• gabriellechappel

Nutella Cinnamon Buns

This recipe has been one of the few that I am particularly proud of in my Epicurious Level 2 career. It combines the traditional aspects of my nana's Paska (Easter) bread recipe, with my love for Nutella.


Growing up, whenever we made bread with my nana using a traditional Slovak recipe, we would save the leftover dough to make cinnamon rolls. This recipe is just a more intentional version of how we would use those ingredients, adding in the signature chocolate hazelnut filling (which, just happens. to be a favorite of mine). Slather on some icing and you've got yourself the softest and most melt in your mouth cinnamon rolls you ever did see!



Nutella Cinnamon Buns

Gabrielle Chappel


Ingredients:

1 cup lukewarm water

½ cup whole milk

1 large egg

¼ cup (4 Tb) unsalted butter at room temp

5 cups unbleached AP flour (King Arthur recommended)

1 Tb instant yeast

2 Tb sugar

2 ½ tsp salt


2 Tb milk (to brush on dough)

½ cup Nutella

2 Tb ground cinnamon


1 Tb melted butter (for brushing)

Sugar (to sprinkle)


1 ¼ cup confectioners’ sugar

½ tsp vanilla extract

4 to 5 Tb heavy cream


2 x 9" cake pans, greased with melted butter or oil

(any baking dishes with sides would work too)

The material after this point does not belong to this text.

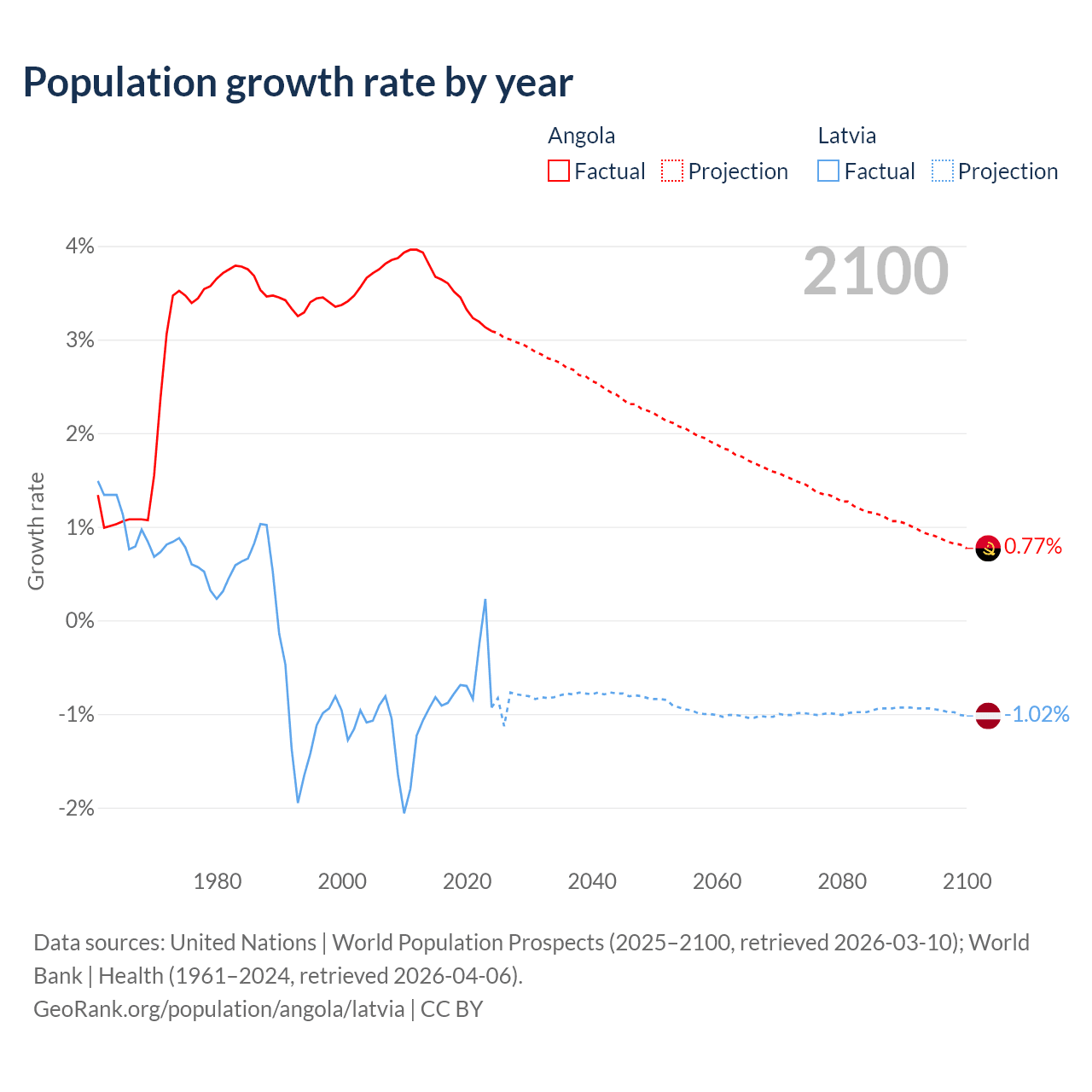 - For the last 10 years, Angola has had an average growth rate of +3.42% per year vs -0.68% in Latvia.
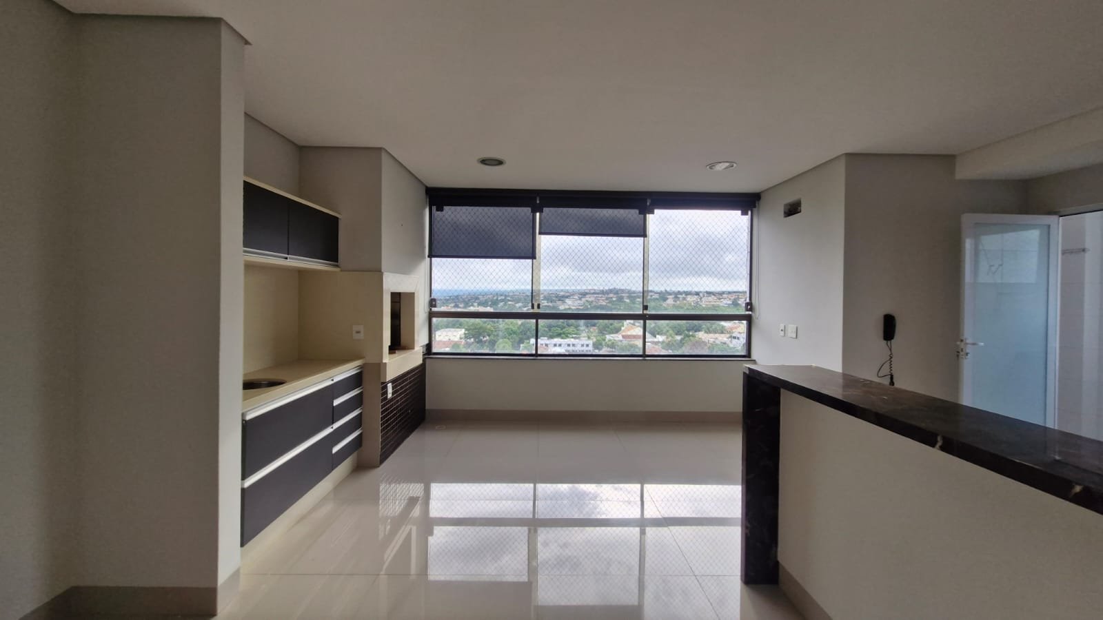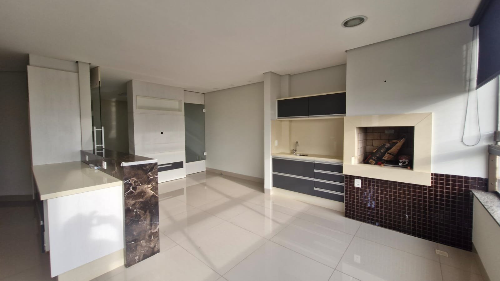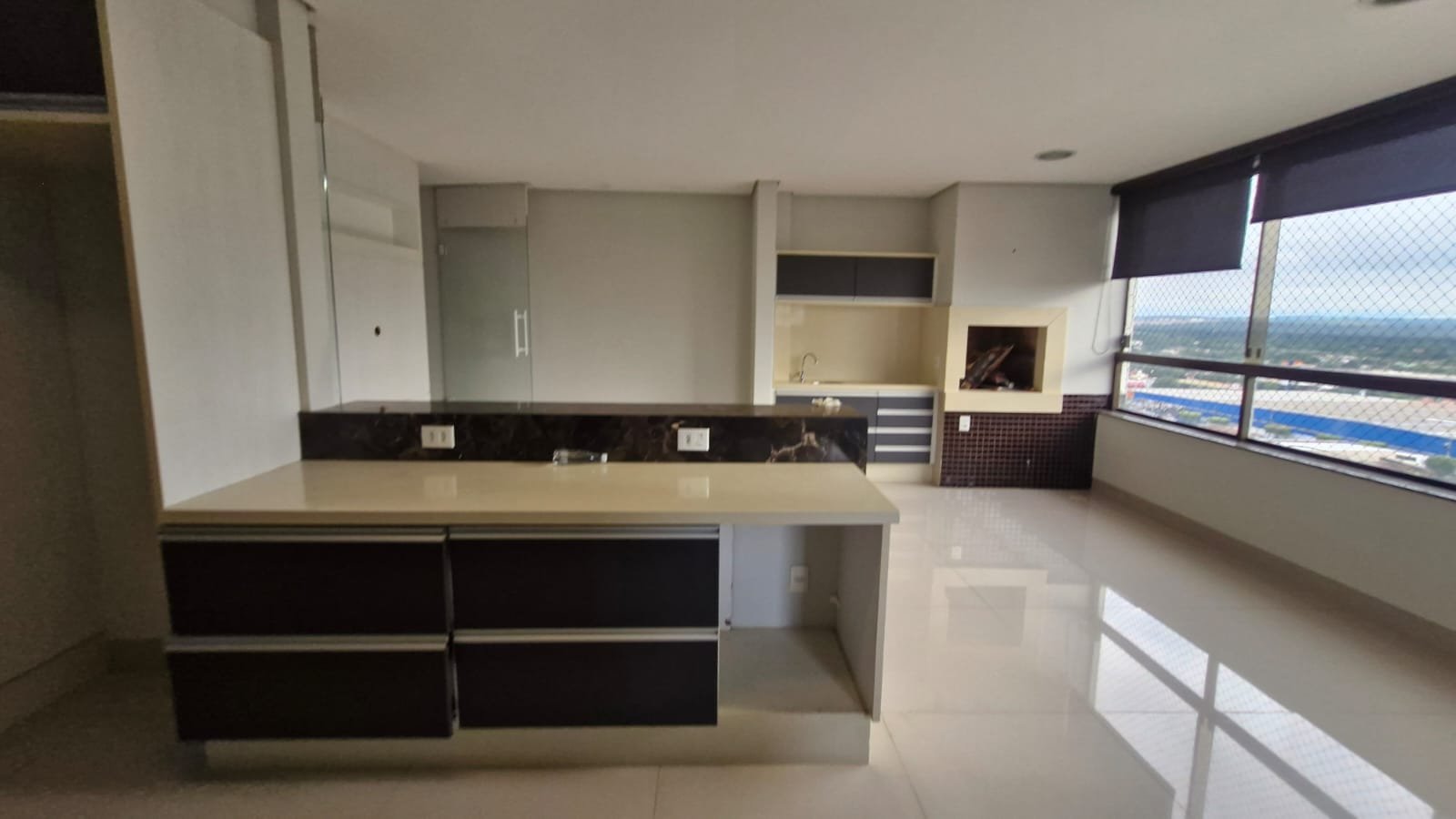 Cozinha com armários e integrada com a sacada com churrasqueira, planejados e cortina

1. To make the dough: Mix and knead all of the dough ingredients — by hand/mixer — to make a soft, smooth dough.


2. Place the dough in a lightly greased bowl, and let it rise for 60 to 90 minutes, until it's noticeably puffy, almost double in size.


3. Transfer the risen dough to a lightly floured work surface, and pat or roll it into a 16"x12" rectangle (essentially the size of a baking sheet) . Brush the dough lightly with milk.


4. Heat Nutella in the microwave for 15-20 seconds so that it is easier to spread over the dough, spread using a rubber spatula, covering the entire surface of the dough. Sprinkle with cinnamon.


5. Roll the dough into a log the long way; it'll stretch to about 20" long. Using a serrated knife, slice the log into inch thick slices. In order to cut down on drag, it helps to rinse the blade in hot water and wipe it off between slices.


6. Space eight rolls in each of the prepared pans so they're not touching. Flatten them gently. Cover the pans, and let the rolls rise till they're noticeably puffy, about 1 ½ to 2 hours; they should spread out and start to crowd one another. Brush tops with melted butter and sprinkle with sugar.


9. While the rolls are rising, preheat the oven to 375°F. Bake the rolls till they're brown around the edges and begin to turn light golden brown across the center, about 20 minutes.


10. Make the icing while the rolls are baking. Using a hand mixer or whisk, combine the sugar, vanilla, and enough cream or milk to make a spreadable icing.


11. Remove the rolls from the oven, and let cool for 15-20 minutes before applying the icing, enjoy immediately!



This Paska Bread recipe is not the original from my nana, but it's based off of the King Arthur flour recipe - so I recommend using King Arthur flour for this recipe and for best results.